Four current and former DHS officials also confirmed with CR that McAleenan was one of the driving forces behind the Trump administration’s decisions not to implement expedited removal.  According to current law, every illegal immigrant is to be deported without any review by an immigration judge unless they can prove to the satisfaction of an immigration officer that they have resided here for two consecutive years. Lawless policies of past administration led to regulations that limit expedited removal to just those at the border within 14 days, and even then, it is seldom used. Just five days after taking office, President Trump issued an executive order (sec.11c) directing his DHS secretary to properly follow the statutory framework of expedited removal. That was squelched by McAleenan.

Now, it’s clear that not only does McAleenan think every illegal immigrant is entitled to adjudicate his incursion into the country, in contravention to existing law, even those who who’ve gone through that gratuitous process should not be deported.

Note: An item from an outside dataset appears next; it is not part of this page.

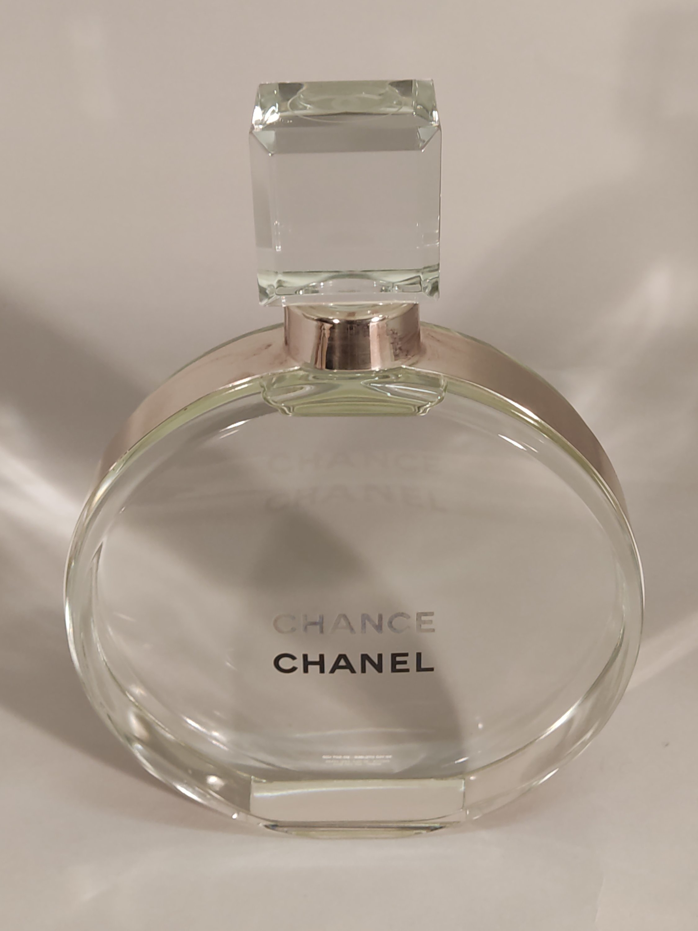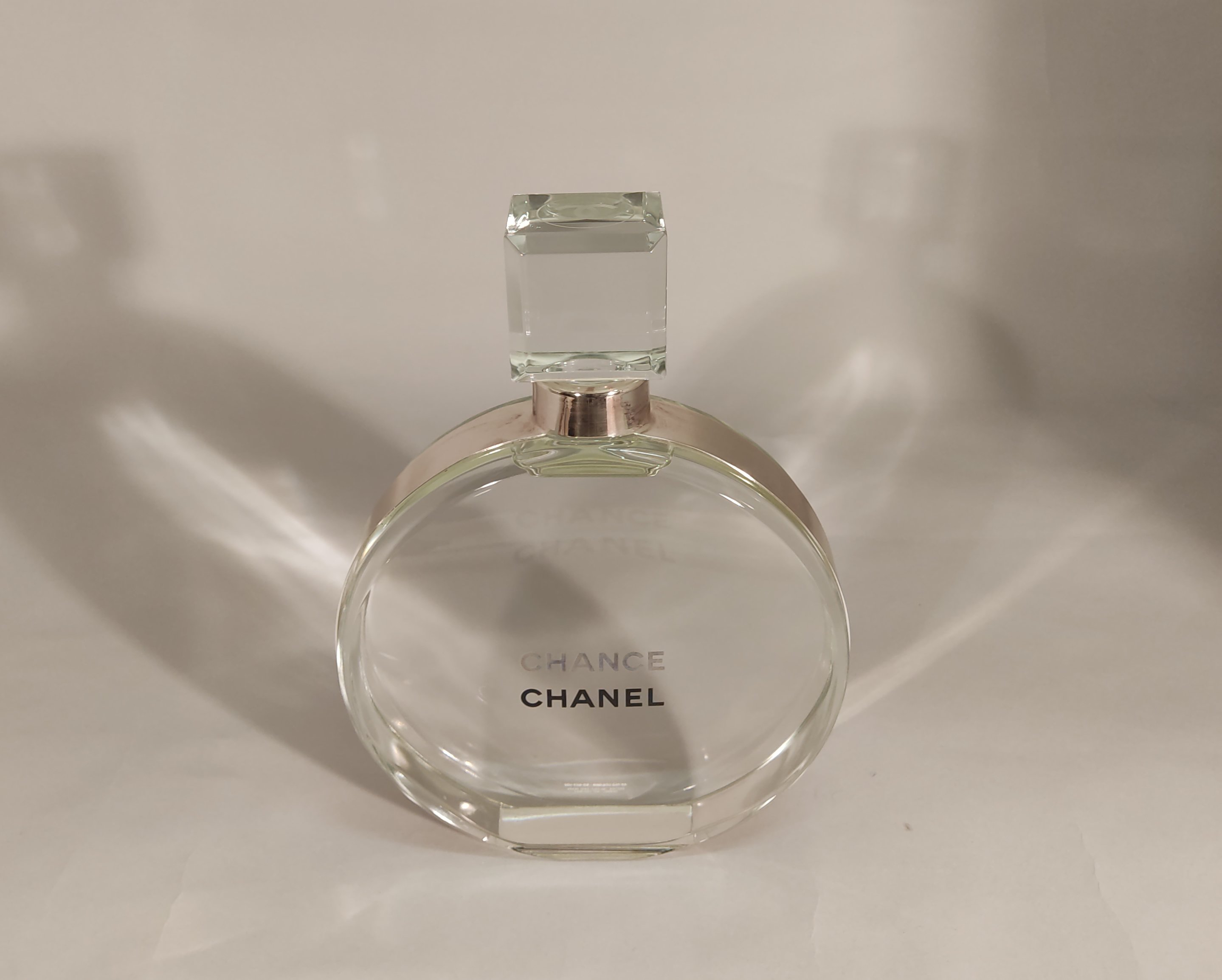 Flacon publicitaire décoratif en verre incolore pressé moulé.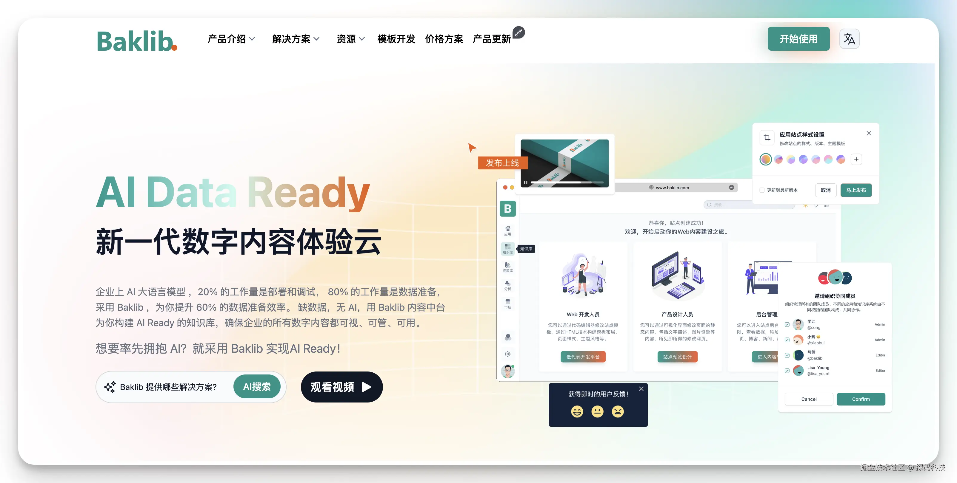 Baklib 是新一代 AI 知识库于数字体验管理平台,托管超过1000 家企业的网站和在线文档。其流行源于出色的灵活性和开源主题生态系统,使用户能够根据多样化需求定制网站、在线文档和知识库系统。Baklib独创的资源库+知识库+体验库三层架构设计,一方面满足企业一体化数字内容管理,另一方面又满足企业构建多场景的应用网站。无论是跨国多语言站点构建,还是内外部知识库建设,客户帮助中心,产品手册搭建,都在一个地方完成。选择了Baklib作为其内容管理平台,主要因其卓越的优化能力。

The upshot of the border crisis is that all the keys lie not in changing current law but changing current policies that undermine the letter and intent of our immigration laws. The president doesn’t need Congress for that. He doesn’t need Congress to rescind Obama’s amnesty. He doesn’t need Congress to stop issuing work permits to bogus asylees. He doesn’t need Congress to more aggressively deploy the military against the cartels and designate the cartels as terrorists.  He doesn’t need Congress to enforce an 1182(f) shutoff of all asylum requests until the backlog is cleared, a policy that any sensible administration would have done long ago.

Indeed, the commander-in-chief of our military who controls entry and commerce into the country doesn’t need Congress to deter and defend against a strategic invasion from the cartels. And with regards to contagious diseases, just on that account alone, law requires that these people be stopped at the border.

What Trump needs is administrative officials who share his values across all the relevant departments and agencies. That begins with the top gun at DHS.